Assessing Transferability and Perception in PT-AE Audio Attacks

11 Jun 2024


(1) Rui Duan University of South Florida Tampa, USA (email:;

(2) Zhe Qu Central South University Changsha, China (email:;

(3) Leah Ding American University Washington, DC, USA (email:;

(4) Yao Liu University of South Florida Tampa, USA (email:;

(5) Yao Liu University of South Florida Tampa, USA (email:

Abstract and Intro

Background and Motivation

Parrot Training: Feasibility and Evaluation

PT-AE Generation: A Joint Transferability and Perception Perspective

Optimized Black-Box PT-AE Attacks

Experimental Evaluations

Related Work

Conclusion and References



In this section, we aim to evaluate whether the PT-AEs are as effective as GT-AEs against a black-box GT model. We first summarize AE generation methods that use different types of audio waveforms (i.e., carriers). Next, we quantify the human perceptual quality of AEs with different carriers, then use the match rate to measure the transferability of PT-AEs to GT models. Finally, we define the unified metric, transferability-perception ratio (TPR), to evaluate PT-AEs.

A. Carriers in Audio AE Generation

Recent audio attack studies have considered different audio perturbation carriers to generate AEs via specific generation algorithms. We summarize three main types of carriers.

Noise carriers: Traditional methods [29], [74] usually adopt a gradient estimation method to generate audio AEs in the unrestricted Lp space with the initial perturbation signal set commonly as a Gaussian noise. This leads to a noisy sound despite some psychoacoustic methods [95], [52], [74] that can be used to alleviate the noisy effect.

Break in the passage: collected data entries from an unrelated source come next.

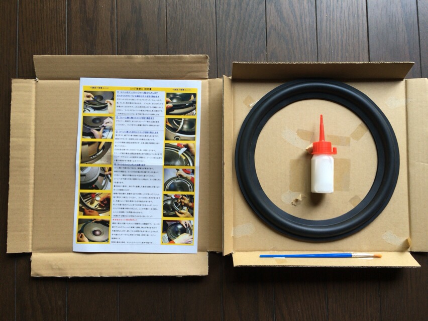 取り寄せたエッジと接着剤先ずはスピーカーを筐体から外し、古いエッジ部分を完全に取り除きます。この作業が結構大変でした。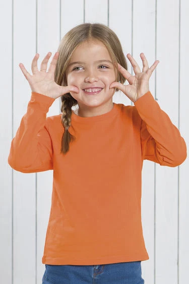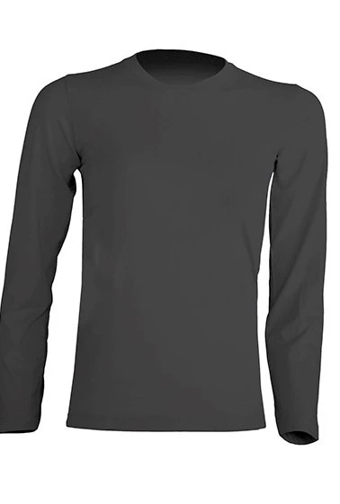 Langärmeliges T-Shirt für Kinder. Seitennähte am Körper. Lycra Rippenhals. Doppelnaht an Kragen, Ärmeln und Boden. Schulter zu Schulter Band. Grey Melange: 85% Baumwolle / 15% Polyester.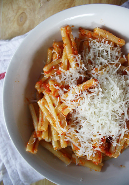 Today was the first day it's felt like autumn in Austin, and if I've ever felt like falling to my knees and kissing the now-less-infernal earth, it was this morning. This sun-dried tomato and almond pesto has been my go-to meal in the busy, hot first weeks of semester, and I think it'll last well into the cooler months. It's seasonal transitional kind of food - a little bit comfort and a little bit light. The ingredient proportions are open to experimentation; these are the ratios I prefer, and I like this with very little garlic. If your sun-dried tomatoes are packed in oil, you might want to use that instead of (or along with) the extra virgin olive oil.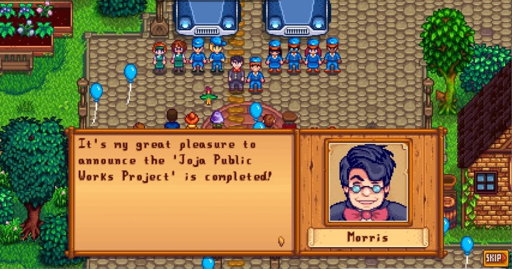Wow I’ve never done Joja on the SDVE yet. I had no idea he became the new mayor (that’s a real coin toss who’s worse) and it had such a direct impact on the families and their storylines. Normally they just say I don’t know how the bus, coal cart, bridge, etc got magically repaired. A true mystery they say.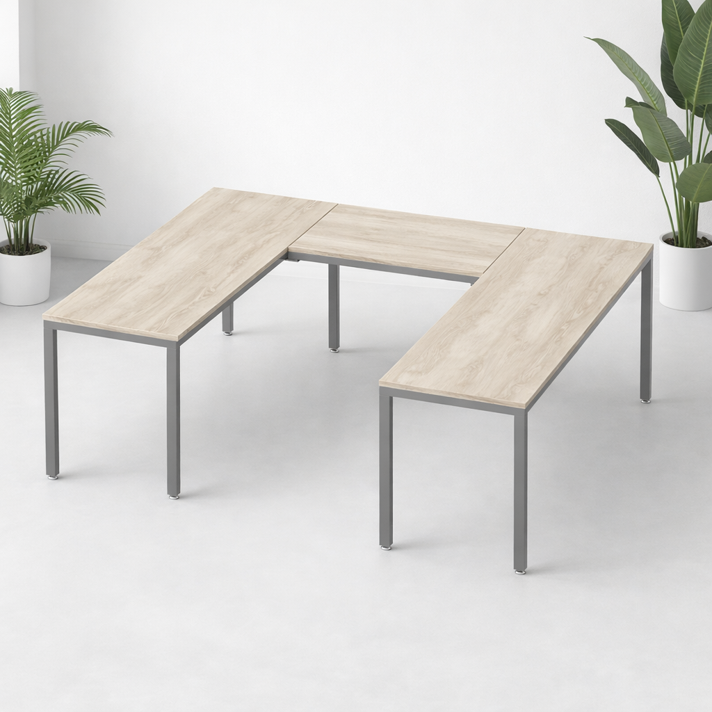 La configuración U conformada por 3 escritorios es ideal para un ejecutivo ya que permite una distribución eficiente del espacio, facilita la colaboración con otros compañeros y proporciona un entorno de trabajo versátil que puede usarse para reuniones, presentaciones y tareas individuales, todo al mismo tiempo.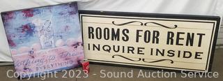 Lot Details: "It'll cost nothing to Dream" 24" x 24" & "Rooms for Rent" (some damage on one corner) 20" x 46".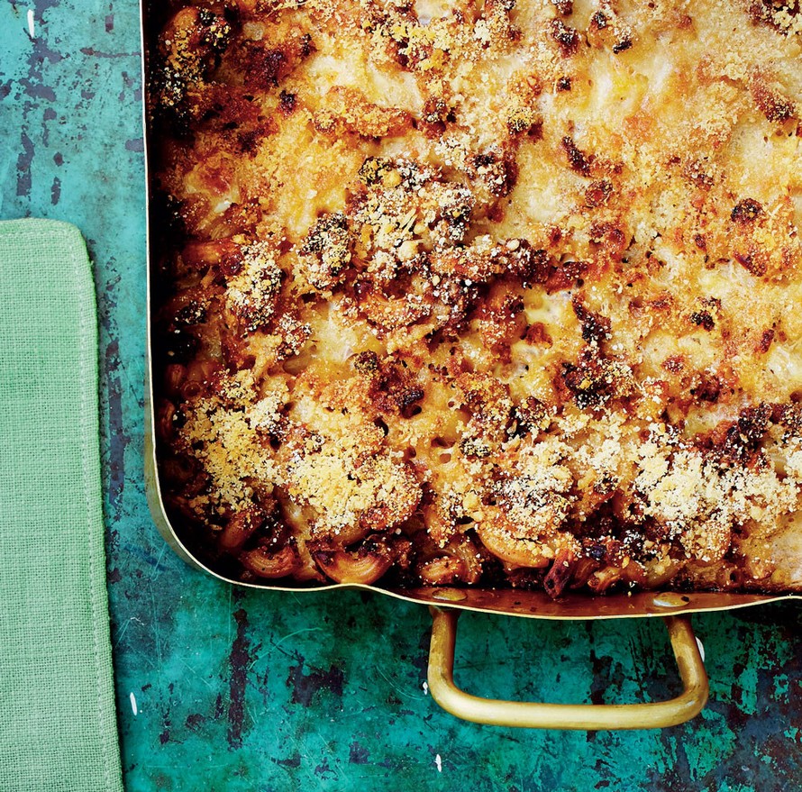 - Raasta juusto ja sekoita se korppujauhoihin. Levitä seos makaronilaatikon päälle. Kypsennä uunin alatasolla noin tunnin ajan.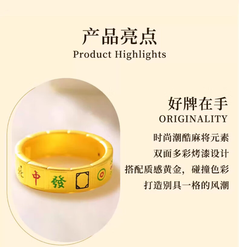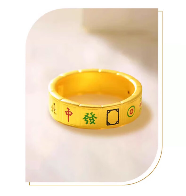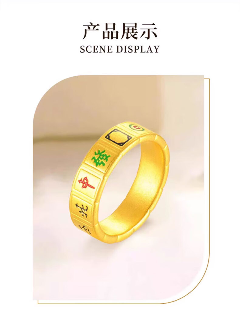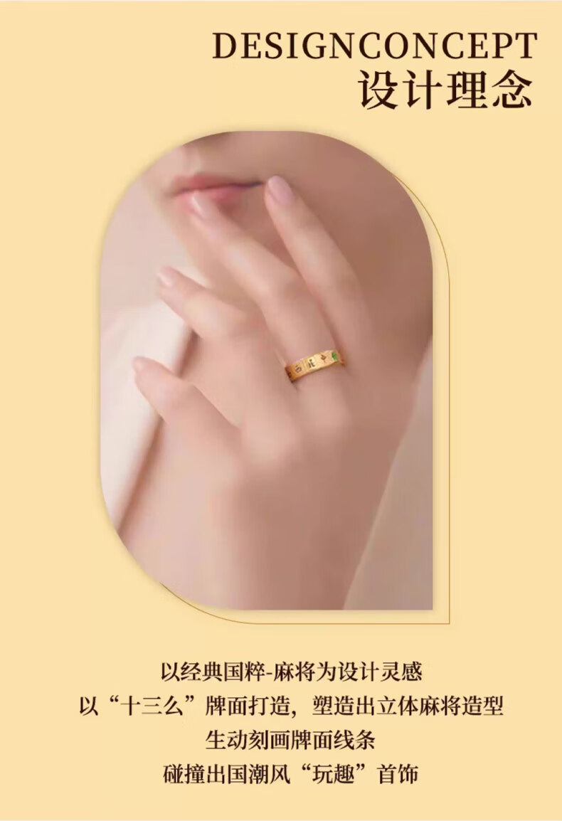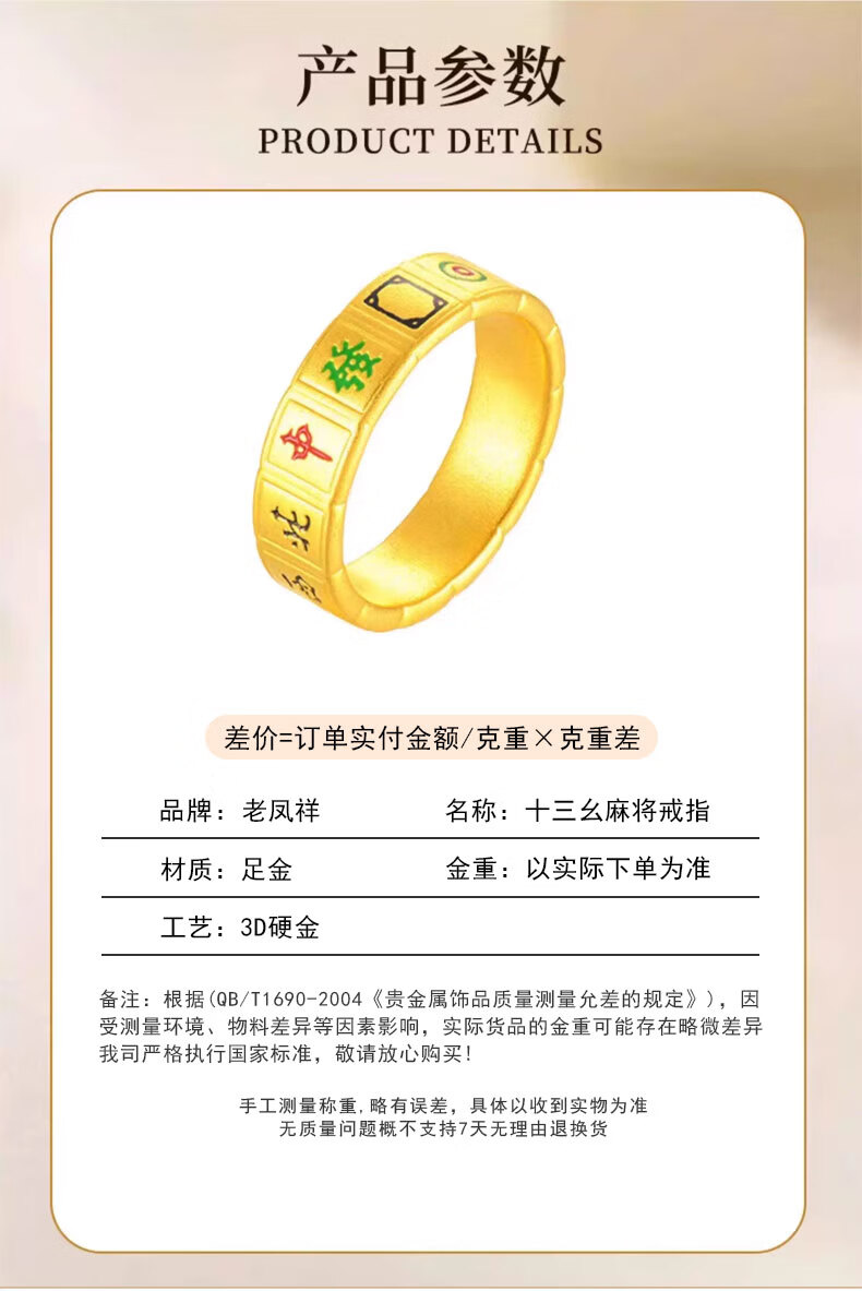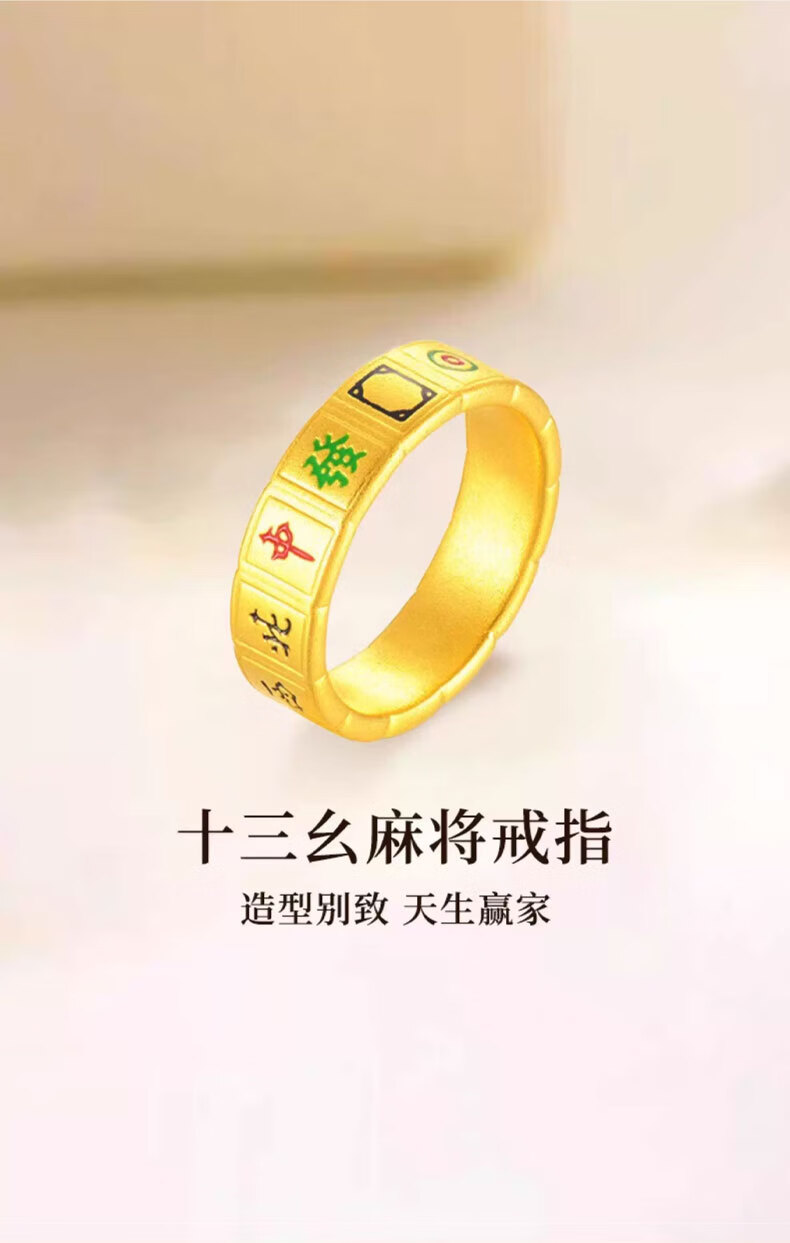 Lao Fengxiang gold thirteen-year-old mahjong ring for men and women, solid gold ring jewelry, Valentine's Day birthday gift for girlfriend and wife, thirteen-year-old mahjong ring, circle number 18, about 1g

Feature-twisted carriers: Directly manipulating the auditory feature of a speech signal could make a classifier sensitive but stealthy to the human ears. Existing works [17], [113] have found that modifying the phonemes or changing the prosody of the speech can also spoof the audio classifier while preserving the perception quality.

Environmental sound carriers: The enrollment phase attack [39] employed environmental sounds (e.g., traffic) to create the perturbation signal to poison a speaker recognition model.

B. Quantifying Perceptual Quality of Speech AEs

We first need to find an appropriate perception metric to accurately measure the human perceptual quality of AEs based on different carriers. Recent studies [44], [113] have pointed out that traditional metrics, such as signal-to-noise ratio (SNR) [32] and the Lp norm [114], [29], [118], cannot directly reflect the human perception. They have used different human study-based metrics to measure the perceptual quality of AEs with certain types of carriers (i.e., qDev for music AEs in [44] and NISQA for feature-twisted AEs [113]). In addition, we also notice that the harmonics-to-noise ratio (HNR) [115] is a common metric adopted in speech science to measure the quality of a speech signal. Given these potential perception metrics, we aim at conducting a human study to find out the best metric to measure the perceptual quality across a diversity of AE carriers that we are interested in.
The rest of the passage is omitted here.